No “Risk Premiums” Even With Advent of “Full Indemnity” Costs

In Reaume v. Unifund Assurance, Justice Edward R. Browne was asked to consider the issue of “risk premiums” in an award of costs. Regular readers will recall that the Supreme Court of Canada said, in Ritchie v. Walker, that risk premiums could not be awarded under the regime of costs then existing in Ontario. Subsequently, Rule 57.01(4) of the Rules of Civil Procedure was amended to permit a court to order costs on a “full indemnity” basis. Mr. Justice Denis J. Power held, in Ward v. ManuLife, that risk premiums can now be awarded.

(ManuLife’s appeal of Justice Power’s ruling in Ward was argued over two days in the Court of Appeal a couple of weeks ago. Costs was only one small part of the appeal, but presumably, we will hear from the Court of Appeal on this subject in due course.)

Justice Browne came to a different conclusion than had Power J.; he held that risk premiums are still unavailable, even under the “full indemnity” regime.

The action was one arising out of a motor vehicle accident, in which there had been a fatality and some serious injuries. None of the survivors could remember how the accident had occurred and there were no witnesses. A police officer who had undertaken an accident reconstruction concluded that impact had been in the westbound lane; another officer later expressed an opinion, that the collision had taken place in the eastbound lane. Justice Browne acknowledged that the case was a very risky one for plaintiffs’ counsel, as the plaintiffs were impecunious and the case “was close to proving that a ghost unidentified vehicle driven negligently was not a ghost at all”. He said, the “the risk of proving the case was enormous. The importance of the issue was very close to that of a ‘winner take all’.”

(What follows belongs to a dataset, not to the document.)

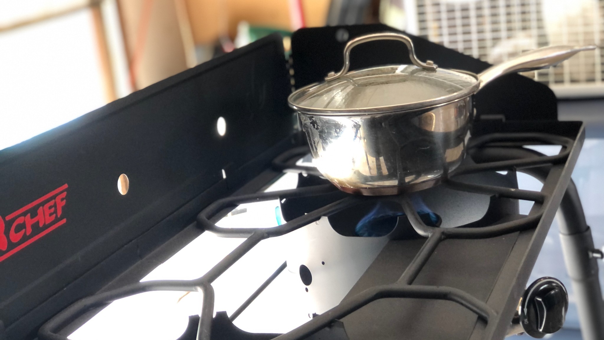 To assess boil time and wind resistance in a controlled manner, we placed each stove next to 2-4 mph of constant wind produced by a box fan on low. We then measured how long it took to boil water in the presence of this “wind.” The Outdoorsman was completely unphased by our box fan, boiling 1 liter of water in 2 minutes and 34 seconds. In our wind-less test, it boiled 1 liter of 58°F water in an impressive 2 minutes and 30 seconds. That is a difference of only 4 seconds! Even without a drip pan to protect the burners, this stove is so powerful as to be unaffected by our wind test. With two 60,000 BTU burners, the Outdoorsman has at least double the power of any other stove in our review. In truth, it has more than double the power of most burners in commercial kitchens, let alone your home range. This undoubtedly contributes to it having an unsurpassably quick boil time with or without wind.

At trial, the jury found that the accident had been caused by an unidentified vehicle, with a small amount of contributory negligence on the part of the plaintiff. The judgment was for $765,000 (although in several places in the reasons, Justice Browne refers to the judgment having been for $675,000). Prior to trial, the plaintiffs had offered to settle for $600,000. Because they had beaten their offer, the plaintiffs sought costs on a full indemnity basis, totalling more than $675,000.

Justice Browne rejected this submission. He felt that it would be unreasonable to award costs in an amount exceeding that of the judgment (although, as noted above, there seems to have been some confusion about just what the amount of the judgment was). Instead, he awarded partial indemnity costs, reduced by 15 percent, to the date of the offer and substantial indemnity costs thereafter.

On the issue of risk premium, His Honour considered himself bound by Ritchie v. Walker, notwithstanding the amendments to Rule 57:

In an overview, the result of a claim against an unsuccessful defendant for a risk premium for financial risk is, in effect, a separate head of damages as opposed to costs which an unsuccessful defendant would reasonably be expected to pay. I agree with and regard Walker v. Ritchie, as binding notwithstanding the recent changes to the Ontario scheme as in the Rules of Practice quoted. In the result, there will be no premium allowed or no special award made.

Unfortunately, no reference was made to Justice Power’s reasons in Ward.